What About SA Shielding?
This change effectively ends the “SA shielding” strategy, where members would temporarily invest their SA funds to shield them from being transferred to the RA. With the SA gone, this workaround is no longer possible.
The Enhanced Retirement Sum (ERS) Gets a Boost
In another big move, the ERS will increase from 3x to 4x the Basic Retirement Sum (BRS). In 2025, this means members can top up their RA to S$426,000.
Why Does This Matter?
The higher ERS allows members to receive larger monthly payouts from age 65 under CPF LIFE. For example, a male CPF member who tops up to the new ERS can expect payouts of about S$3,300 per month.
This move encourages members to save more, especially those seeking financial independence and stability in retirement.
More Major CPF Changes in 2025
CPF Monthly Salary Ceiling Raised
Starting January 1, 2025, the monthly salary ceiling for CPF contributions will increase from S$6,800 to S$7,400. This allows higher-income earners to contribute more to their CPF accounts, building larger retirement savings.
CPF Contribution Rates for Senior Workers Increase
For employees aged 55 to 65, total CPF contribution rates will go up by 1.5% in 2025. Employers and employees will both contribute more, enhancing retirement adequacy for older workers.
Expansion of the Matched Retirement Savings Scheme (MRSS)
This scheme was introduced to help Singaporeans with lower retirement savings.
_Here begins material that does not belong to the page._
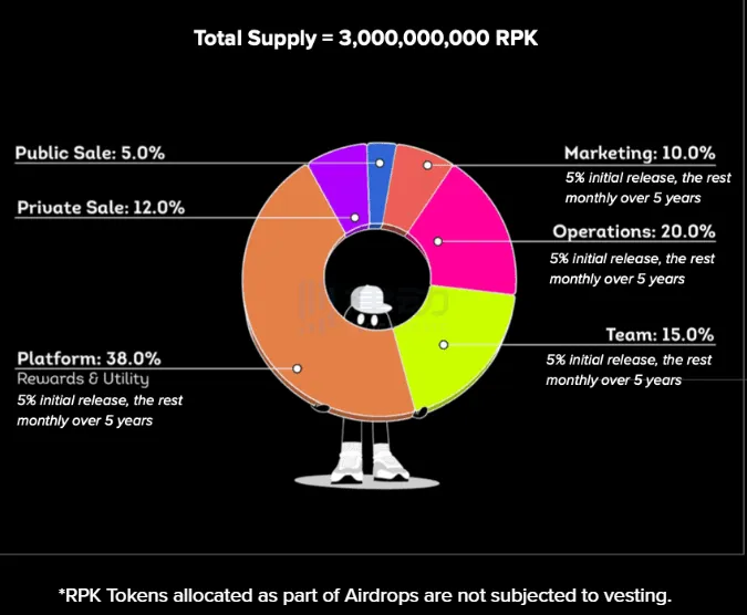 分配给创建者仍持有的代币的 RPK 奖励将作为收入直接进入创建者的 RPK 钱包。代表未来收益 3% 的 3% 被捐赠到运营平台,为生态系统的运营提供资金。

From January 2025:
- The annual matching grant cap will increase from S$600 to S$2,000.
- The age limit will be removed, making more people eligible.
This significantly boosts support for seniors who are trying to catch up on retirement savings.
What Should CPF Members Do Now?
1. Review Your CPF Balances
Log in to your CPF Retirement Dashboard to check your Special Account balance, how much will go to RA, and whether there will be a transfer to OA.
2. Consider Topping Up Your RA
If you can afford it, topping up to the new ERS limit can maximize your CPF LIFE monthly payouts.
3. Reassess Your Investment Strategy
With SA shielding no longer viable, you may want to explore alternatives like:
- CPF Investment Scheme (CPFIS)
- Voluntary OA/RA top-ups
- Private retirement plans
4. Speak With a Financial Advisor
Navigating CPF changes can be complex. A qualified financial planner can help you align your CPF savings with your retirement goals.
FAQs on Major CPF Shake-Up
Q1. Why is the Special Account (SA) being closed?
The CPF Board aims to simplify the CPF system and align interest rates with each account’s purpose. SA is no longer needed after age 55 since the Retirement Account (RA) takes over.
Q2. What happens to the interest rate when my funds move from SA to OA?
Funds moved to OA will earn 2.5% p.a., lower than the 4% in SA. To maintain higher returns, aim to transfer more to your RA instead.
Q3. Can I still use the SA shielding strategy?
No. After the SA is closed in 2025, there will be no opportunity for SA shielding for those turning 55 and above.
Q4. Will these changes affect CPF LIFE payouts?
Yes. If you top up to the higher ERS, you could receive up to S$3,300 monthly from age 65 onwards, depending on your gender and age at payout start.
Q5. Are these changes permanent?
As of now, these are confirmed changes for 2025. Any further reforms will be announced by the CPF Board in future policy reviews.